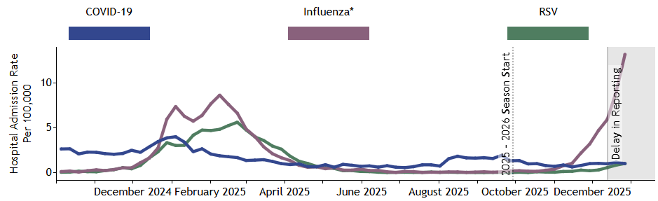 The ominous trend is reminiscent of the worst surges of the pandemic, with a variety of metrics on the state’s viral respiratory diseases dashboard all blinking red. This time, however, it’s not COVID-19, but flu, which is also now circulating widely in the U.S.
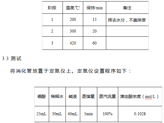 硫酸(分析純),20g/L硼酸溶液,溴甲酚綠-甲基紅混合指示劑,40%氫氧化鈉,混合催化劑壓片(3gK2SO4、0.2gCuSO4),0.1mol/L硫酸標準滴定液。
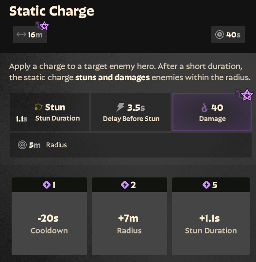This ability applies a static charge to the enemy, which then explodes after a few seconds, stunning the enemy and causing damage to nearby targets.
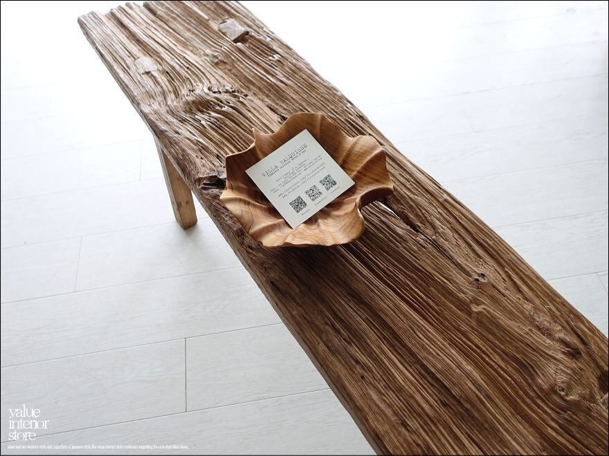 オールドチークならではの味のある雰囲気が魅力のベンチ。一枚板の座面は厚みもあり長くお使いいただけるしっかりした作りです。チークならではの荒々しさと、古材ならではの変化に富んだ木肌が全体的に見られ味わい深く仕上がっています。職人さんが丹精こめて作った印象に溢れていて、きっとお部屋をスローダウンした素敵な雰囲気に包んでくれます。ベンチだけでなくインテリアのディスプレイ台としてもステキです。
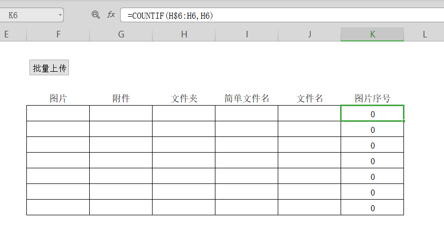由于案例是提取到七个图片主表中去,所以在图片存储表的时候将同一个文件夹下的图片进行了排序,用的是COUNTIF函数
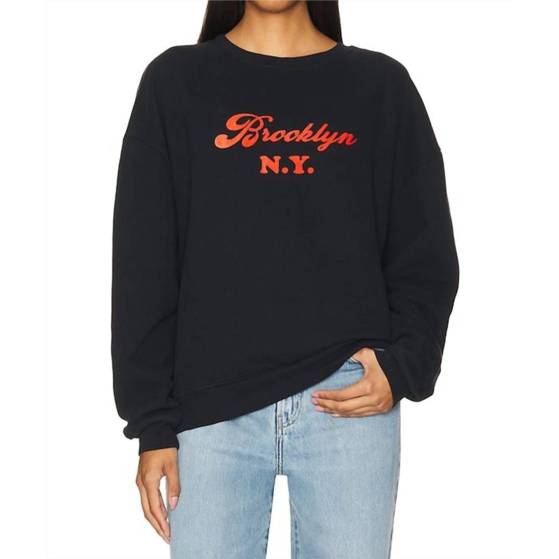 Whether you''re running around town or lounging at home, this sweatshirt works for both.The Oversized Brooklyn Sweatshirt by KULE is a must-have for any streetwear lover, made from 100% organic cotton for supreme comfort. It boasts a long sleeve, drop shoulder design, and a classic crewneck, accentuated by a Brooklyn N.Y. flocked print. This stylish black sweatshirt is crafted in Portugal, ensuring quality and a chic, oversized fit. Easy to care for, it is machine washable and features a convenient pull-on closure.
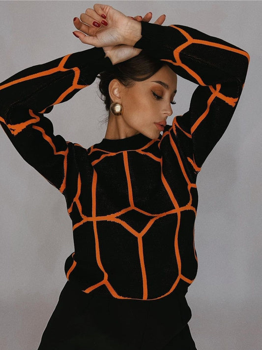 Damen Modischer Strickpullover mit auffälligem geometrischem Design Stalluxe
========
## Work task
Each line above that falls between the line with "オールドチークならではの味の" and the line with "由于案例是提取到七个图片主表" should be printed exactly, together with those two lines, but the pictures should not.

## Answer box
 オールドチークならではの味のある雰囲気が魅力のベンチ。一枚板の座面は厚みもあり長くお使いいただけるしっかりした作りです。チークならではの荒々しさと、古材ならではの変化に富んだ木肌が全体的に見られ味わい深く仕上がっています。職人さんが丹精こめて作った印象に溢れていて、きっとお部屋をスローダウンした素敵な雰囲気に包んでくれます。ベンチだけでなくインテリアのディスプレイ台としてもステキです。
由于案例是提取到七个图片主表中去,所以在图片存储表的时候将同一个文件夹下的图片进行了排序,用的是COUNTIF函数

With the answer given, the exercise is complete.